The animation alone only changes the height, but we also need to fly out the element, so we use the DomController again to shift the item out of the view – if you read carefully you could also chain the animations together without even using this additional block and create one animation that first decreases the height and then moves the item.

Finally, this is all just DOM operation, so we add another function to the onFinish callback of the gesture (yes, that exists!) so we can safely remove the item from our local array, which completes the whole slide to remove gesture!

It’s actually kinda fun to create these kinds of gesture and animation combinations, and if you want another example check out my popular Tinder swipe gesture tutorial!

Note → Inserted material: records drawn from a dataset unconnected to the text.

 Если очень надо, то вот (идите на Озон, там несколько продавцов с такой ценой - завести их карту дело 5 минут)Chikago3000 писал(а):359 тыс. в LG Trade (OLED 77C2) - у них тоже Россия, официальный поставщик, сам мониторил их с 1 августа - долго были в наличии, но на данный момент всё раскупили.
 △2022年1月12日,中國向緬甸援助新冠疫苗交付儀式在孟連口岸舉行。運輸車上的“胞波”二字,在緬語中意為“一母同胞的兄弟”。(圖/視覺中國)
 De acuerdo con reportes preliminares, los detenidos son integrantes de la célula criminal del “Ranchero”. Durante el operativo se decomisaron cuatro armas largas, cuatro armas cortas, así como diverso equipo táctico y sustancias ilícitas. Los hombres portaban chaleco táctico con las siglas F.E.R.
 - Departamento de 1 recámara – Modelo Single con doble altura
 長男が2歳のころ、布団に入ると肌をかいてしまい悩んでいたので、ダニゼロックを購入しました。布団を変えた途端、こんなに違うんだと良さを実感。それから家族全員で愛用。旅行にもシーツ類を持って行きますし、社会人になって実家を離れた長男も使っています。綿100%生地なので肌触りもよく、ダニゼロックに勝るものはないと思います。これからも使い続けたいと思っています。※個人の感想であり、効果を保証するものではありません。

Using Animations for Modals

After seeing the different use cases for animations and gestures in our Ionic app, let’s wrap this up by taking a look at another option: Defining your custom animations for page or modal transitions!

You heard right, you can define your own transitions and use them instead of the e.g. standard modal appear animation.

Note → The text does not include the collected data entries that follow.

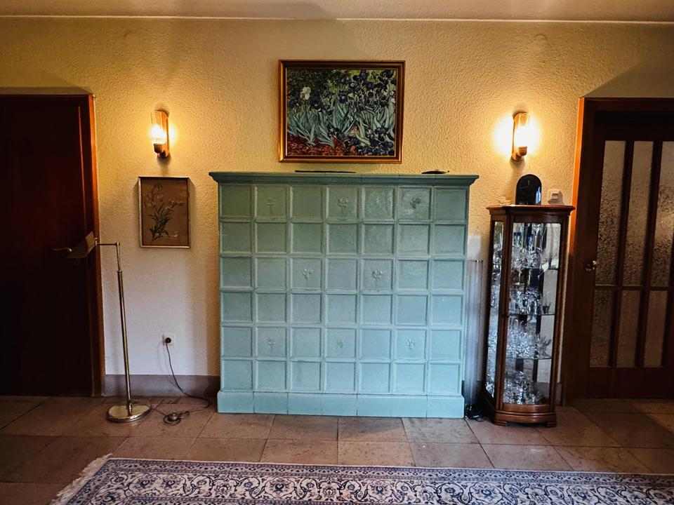 Der große historische Kachelofen, der von einem Ofenraum mit eigenem Zugang beheizt werden kann, wärmt das Esszimmer, das große Wohnzimmer mit Ofenbank und das Lese-/-Fernsehzimmer.
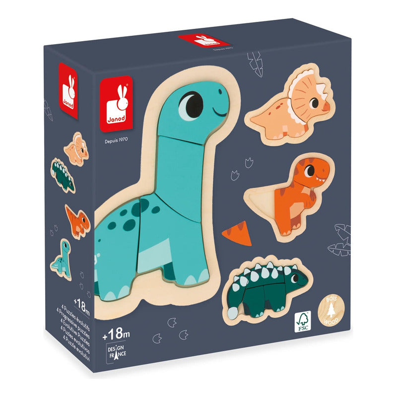 Janod - Rompecabezas De Madera Progresivo: 4-En-1 Dinosaurios (18 - 36 Meses)
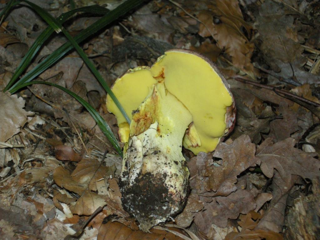 Sonst glaube ich den anhängselröhrling gefunden zu haben, diesen fand ich im kalkigen eichenwald. der pilz hat ein auffällig festes Fleisch, innen hellgelb, nicht oder nur leicht bläuend. Röhren bläuen auf druck leicht:
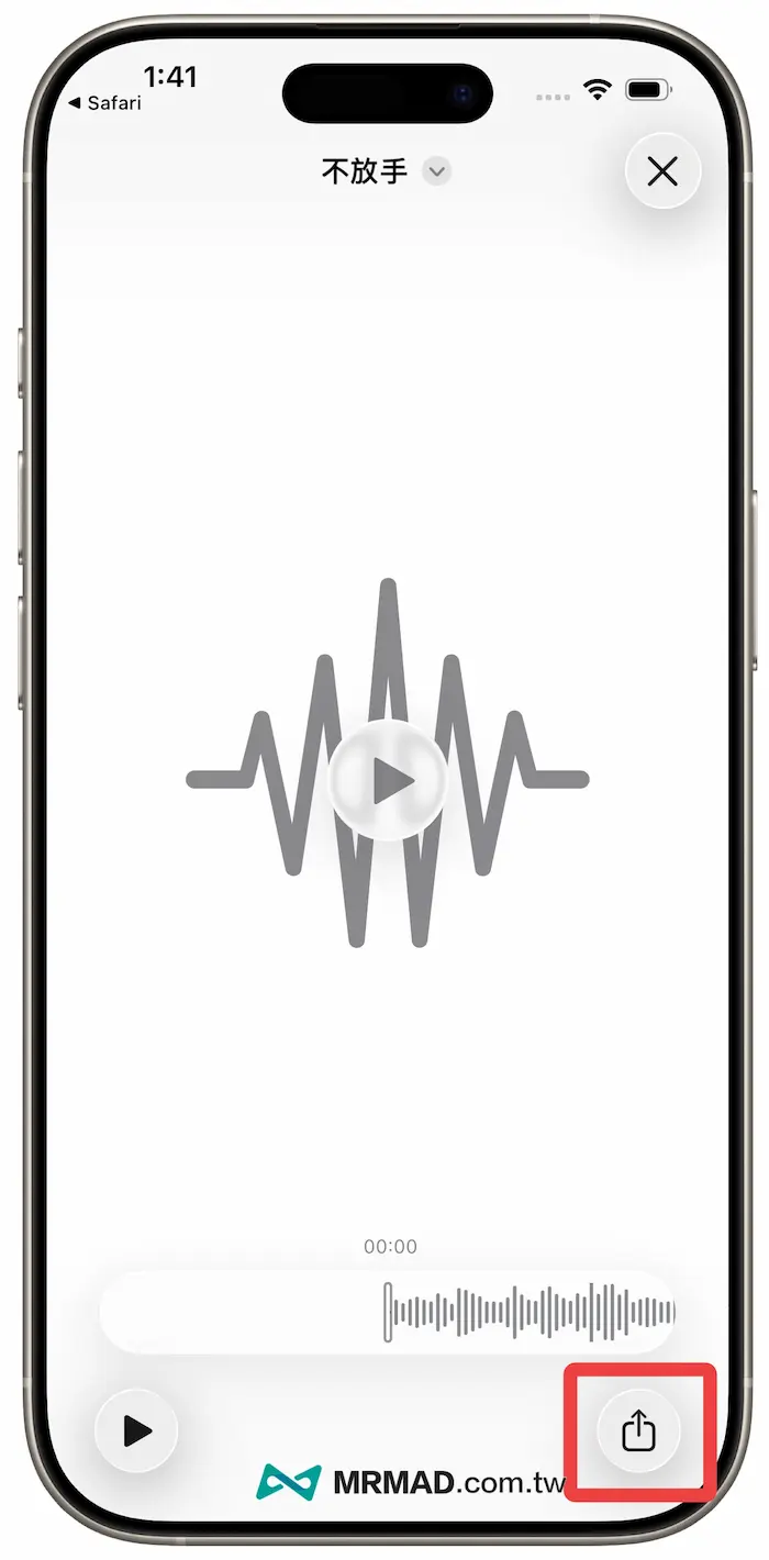 直接點開音訊檔案後,點擊右下角「分享」圖示按鈕。

As a starting point, I highly recommend you check out the current implementation which you can easily find within the Ionic Github repository.

If you use this file as the base, you can change all parts quite easily to your need and build a (more or less) helpful other transitions like the one below.

To use it, simply create a new file inside your app at src/app/modal-animation.ts and insert:

import { Animation, createAnimation } from '@ionic/angular';

export const modalEnterAnimation = (
    baseEl: HTMLElement,
    presentingEl?: HTMLElement,
  ): Animation => {


  const backdropAnimation = createAnimation()
    .addElement(baseEl.querySelector('ion-backdrop')!)
    .fromTo('opacity', 0.01, 'var(--backdrop-opacity)')
    .beforeStyles({
      'pointer-events': 'none'
    })
    .afterClearStyles(['pointer-events']);

  const wrapperAnimation = createAnimation()
    .addElement(baseEl.querySelectorAll('.modal-wrapper, .modal-shadow')!)
    .beforeStyles({ 'opacity': 1 })
    .keyframes([
        { offset: 0, transform: 'translateY(-100vh)' },
        { offset: 0.4, transform: 'translateY(20vh)'},
        { offset: 0.7, transform: 'translateY(-10vh)'},
        { offset: 1, transform: 'translateY(0vh)'},
      ]);

  const baseAnimation = createAnimation()
    .addElement(baseEl)
    .easing('ease-out')
    .duration(900)
    .addAnimation([wrapperAnimation, backdropAnimation]);

  return baseAnimation;
};

This animation will show the backdrop like the regular modal appear, but then somehow bounce in the next page. I’m sure you will come up with better animations than I did for your own app.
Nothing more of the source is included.